[Extracted entries Boundary: Start]
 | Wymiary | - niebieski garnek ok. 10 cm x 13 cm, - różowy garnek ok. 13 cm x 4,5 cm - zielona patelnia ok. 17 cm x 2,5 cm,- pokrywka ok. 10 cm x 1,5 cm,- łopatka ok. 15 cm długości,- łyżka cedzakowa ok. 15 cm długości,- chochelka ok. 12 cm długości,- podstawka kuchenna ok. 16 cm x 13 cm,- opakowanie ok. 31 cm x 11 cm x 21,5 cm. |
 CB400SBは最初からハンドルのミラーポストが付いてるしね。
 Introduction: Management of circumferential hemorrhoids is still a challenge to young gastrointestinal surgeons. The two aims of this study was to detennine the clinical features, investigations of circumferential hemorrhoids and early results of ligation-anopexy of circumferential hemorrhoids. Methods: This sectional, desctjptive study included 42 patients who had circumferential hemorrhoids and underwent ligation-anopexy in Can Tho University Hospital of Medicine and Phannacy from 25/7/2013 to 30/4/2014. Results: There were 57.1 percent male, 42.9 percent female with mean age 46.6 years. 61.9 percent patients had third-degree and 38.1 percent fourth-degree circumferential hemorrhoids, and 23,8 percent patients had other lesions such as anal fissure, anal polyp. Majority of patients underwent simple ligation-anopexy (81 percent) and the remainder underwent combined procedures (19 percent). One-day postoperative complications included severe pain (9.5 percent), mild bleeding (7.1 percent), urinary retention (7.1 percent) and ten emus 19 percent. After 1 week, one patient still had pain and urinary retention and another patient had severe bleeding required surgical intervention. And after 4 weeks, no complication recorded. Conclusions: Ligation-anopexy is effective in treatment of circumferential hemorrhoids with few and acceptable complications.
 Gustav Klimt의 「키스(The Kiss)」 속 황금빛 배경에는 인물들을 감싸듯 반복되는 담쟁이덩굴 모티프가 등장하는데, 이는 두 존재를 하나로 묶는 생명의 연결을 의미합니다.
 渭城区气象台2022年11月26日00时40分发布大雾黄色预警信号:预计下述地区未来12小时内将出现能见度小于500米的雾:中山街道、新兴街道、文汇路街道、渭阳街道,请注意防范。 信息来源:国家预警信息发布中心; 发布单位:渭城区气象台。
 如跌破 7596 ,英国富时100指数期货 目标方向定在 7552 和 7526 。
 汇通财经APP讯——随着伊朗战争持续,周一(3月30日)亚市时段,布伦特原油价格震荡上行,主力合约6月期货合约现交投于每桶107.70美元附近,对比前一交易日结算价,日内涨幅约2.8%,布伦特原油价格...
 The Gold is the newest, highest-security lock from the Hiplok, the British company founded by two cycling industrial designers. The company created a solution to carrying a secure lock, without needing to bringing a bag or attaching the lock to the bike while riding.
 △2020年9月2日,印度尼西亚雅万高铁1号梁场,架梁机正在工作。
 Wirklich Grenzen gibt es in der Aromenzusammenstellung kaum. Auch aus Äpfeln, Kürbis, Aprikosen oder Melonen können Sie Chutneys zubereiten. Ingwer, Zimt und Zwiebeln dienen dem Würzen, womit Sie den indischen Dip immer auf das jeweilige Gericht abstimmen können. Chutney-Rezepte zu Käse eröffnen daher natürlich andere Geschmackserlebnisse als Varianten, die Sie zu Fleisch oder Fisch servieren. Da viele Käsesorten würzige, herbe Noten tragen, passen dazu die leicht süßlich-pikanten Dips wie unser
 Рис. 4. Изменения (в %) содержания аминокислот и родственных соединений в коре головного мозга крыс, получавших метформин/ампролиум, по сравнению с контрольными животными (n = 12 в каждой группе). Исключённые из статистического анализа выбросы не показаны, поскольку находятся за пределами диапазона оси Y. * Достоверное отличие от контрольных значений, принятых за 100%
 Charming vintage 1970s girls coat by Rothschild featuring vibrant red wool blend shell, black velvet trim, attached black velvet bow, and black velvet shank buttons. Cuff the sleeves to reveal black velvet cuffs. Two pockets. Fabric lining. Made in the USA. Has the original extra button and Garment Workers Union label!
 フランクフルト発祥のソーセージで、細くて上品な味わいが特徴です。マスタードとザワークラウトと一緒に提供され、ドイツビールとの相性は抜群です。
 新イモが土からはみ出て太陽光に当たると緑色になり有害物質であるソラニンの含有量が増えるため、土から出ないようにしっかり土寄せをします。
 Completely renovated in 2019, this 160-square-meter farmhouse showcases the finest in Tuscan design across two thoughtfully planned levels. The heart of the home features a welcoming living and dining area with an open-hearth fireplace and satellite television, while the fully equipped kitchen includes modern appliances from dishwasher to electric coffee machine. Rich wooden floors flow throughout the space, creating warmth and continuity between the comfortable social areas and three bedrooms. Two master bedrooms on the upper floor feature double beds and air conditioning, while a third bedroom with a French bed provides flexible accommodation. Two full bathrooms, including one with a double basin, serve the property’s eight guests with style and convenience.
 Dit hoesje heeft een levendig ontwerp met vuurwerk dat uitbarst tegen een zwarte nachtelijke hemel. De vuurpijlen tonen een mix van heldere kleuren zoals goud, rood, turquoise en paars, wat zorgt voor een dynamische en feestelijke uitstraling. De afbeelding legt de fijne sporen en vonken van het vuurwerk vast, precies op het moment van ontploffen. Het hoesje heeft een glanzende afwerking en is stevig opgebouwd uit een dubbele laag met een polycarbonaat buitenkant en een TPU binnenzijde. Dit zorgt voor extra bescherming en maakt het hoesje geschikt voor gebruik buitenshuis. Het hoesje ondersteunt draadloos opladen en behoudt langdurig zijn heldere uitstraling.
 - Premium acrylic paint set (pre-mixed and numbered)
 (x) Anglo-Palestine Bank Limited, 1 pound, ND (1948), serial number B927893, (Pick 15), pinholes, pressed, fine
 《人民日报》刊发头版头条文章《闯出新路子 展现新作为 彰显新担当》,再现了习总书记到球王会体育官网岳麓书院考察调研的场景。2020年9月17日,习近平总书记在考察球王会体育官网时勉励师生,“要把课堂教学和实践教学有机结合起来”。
[Extracted entries Boundary: End]
◆ **Problem to solve**
What is needed is every line from the beginning of the data up to and including the line with "CB400SBは最初からハンドルのミラーポストが付いてるしね。", given again word for word.

◆ **Solution to this exercise**
 | Wymiary | - niebieski garnek ok. 10 cm x 13 cm, - różowy garnek ok. 13 cm x 4,5 cm - zielona patelnia ok. 17 cm x 2,5 cm,- pokrywka ok. 10 cm x 1,5 cm,- łopatka ok. 15 cm długości,- łyżka cedzakowa ok. 15 cm długości,- chochelka ok. 12 cm długości,- podstawka kuchenna ok. 16 cm x 13 cm,- opakowanie ok. 31 cm x 11 cm x 21,5 cm. |
 CB400SBは最初からハンドルのミラーポストが付いてるしね。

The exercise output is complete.